A spokesperson for NHS England refused to give the BMA a figure for how much capital funding would be protected for the projects outlined by the STPs.
‘The capital allocation to the DH agreed in the spending review was £4.8bn each year from 2016/17 to 2020/21. The published budget is not split out into business as normal, national programme capital and transformation capital.
‘However, we know capital budgets in total are under significant pressure and STP schemes will need to be very robust in terms of demonstrating strategic intent, benefits and value to access capital funding.’
They added: ‘NHS England and NHS Improvement are working with local STP footprint areas to review (and) refine capital asks and decide which ones might be funded.
‘As an initial priority, national bodies will prioritise schemes that are of small to medium scale, can be implemented over the next few years, and that improve productivity or generate wider savings over that timeframe.’
Several areas did not respond to BMA requests for their funding – and a few refused to give figures.
Voices from the regions
BMA Yorkshire regional council chair Rajeev Gupta – whose region has requested around a billion pounds
‘It is very disappointing.

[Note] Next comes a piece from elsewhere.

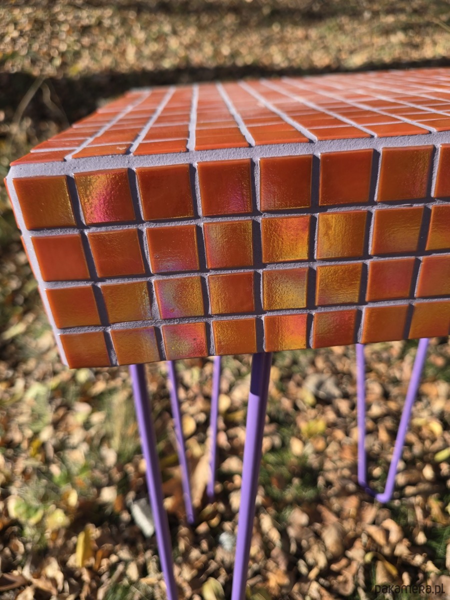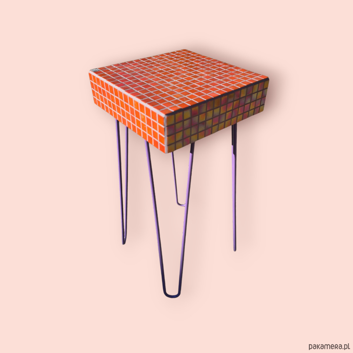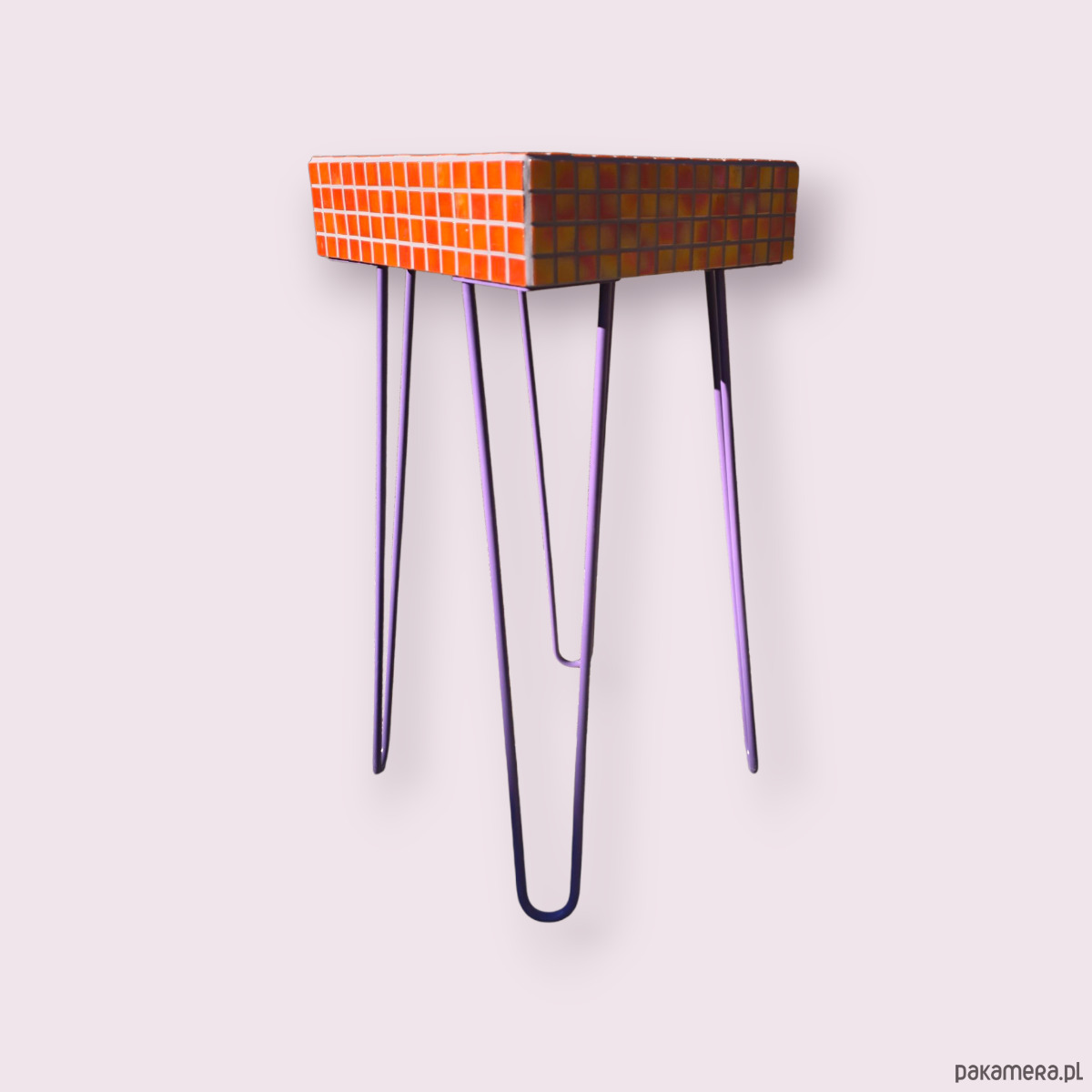 Pomarańczowy ceramiczny stolik z mozaiką z czarną fugą i fioletowymi metalowymi nogami to wyrazisty, artystyczny element, który wnosi wyrazisty kolor i rękodzielniczą jakość do każdego wnętrza. Każdy stolik, wykonany w 100% w Polsce w pracowni MrCube.studio, jest ręcznie tworzony z wyjątkową dbałością o detale. Blat stolika posiada trwałą podstawę pokrytą ręcznie układaną ceramiczną mozaiką w pomarańczowym odcieniu, podkreśloną kontrastującą czarną fugą, która dodaje projektowi energii i nowoczesnego charakteru.

Areas need to be given a clear instruction of what money they have got and then they can work out how you can redesign services to make that work.
‘It’s a lot of wasted time and resources. And it’s caused great disillusionment and frustration for the people who have put the plan together. They should have just said, here’s £100m – what are your priorities?
‘The huge amount of money wasted in running these engagements and drawing up the plan is huge. And it looks futile at this point in time.
‘There hasn’t been a full mapping of the needs of the community, and the plan doesn’t seem to fit well with those needs.
‘There is no denial about change being needed in Yorkshire but an awful lot of what is proposed isn’t in the public arena and is cooked up in the offices of people who are supervising and chairing the STPs.
‘Clinicians have not been engaged at all.’
BMA north-west regional council chair Kailash Chand
‘I’ve been saying this is a waste of time for a long time. The ideas and the aspirations may be good but this is not deliverable. It’s not going to be possible. The plans are totally unrealistic.
‘There’s a huge need for investment in our area – we have so many deprived areas and they need money up front even irrespective of the STP.
‘The idea is often great but when you look at the final documents and how it’s going to be done the truth becomes obvious: it won’t happen. There are so many vetoes – if a local authority or foundation trust doesn’t want something to happen it won’t happen.
‘The way the system is set up counts against these plans. And without money and resources there’s no future for them. Even if you agree with the plans they can’t work.
‘I think the future of STPs will end in tears. They will slowly be shelved. NHS England and NHS Improvement need to take this more seriously and look at the problems properly.
‘We have a disaster in our NHS – in my area I can’t even tell you how bad things are, particularly in social care.’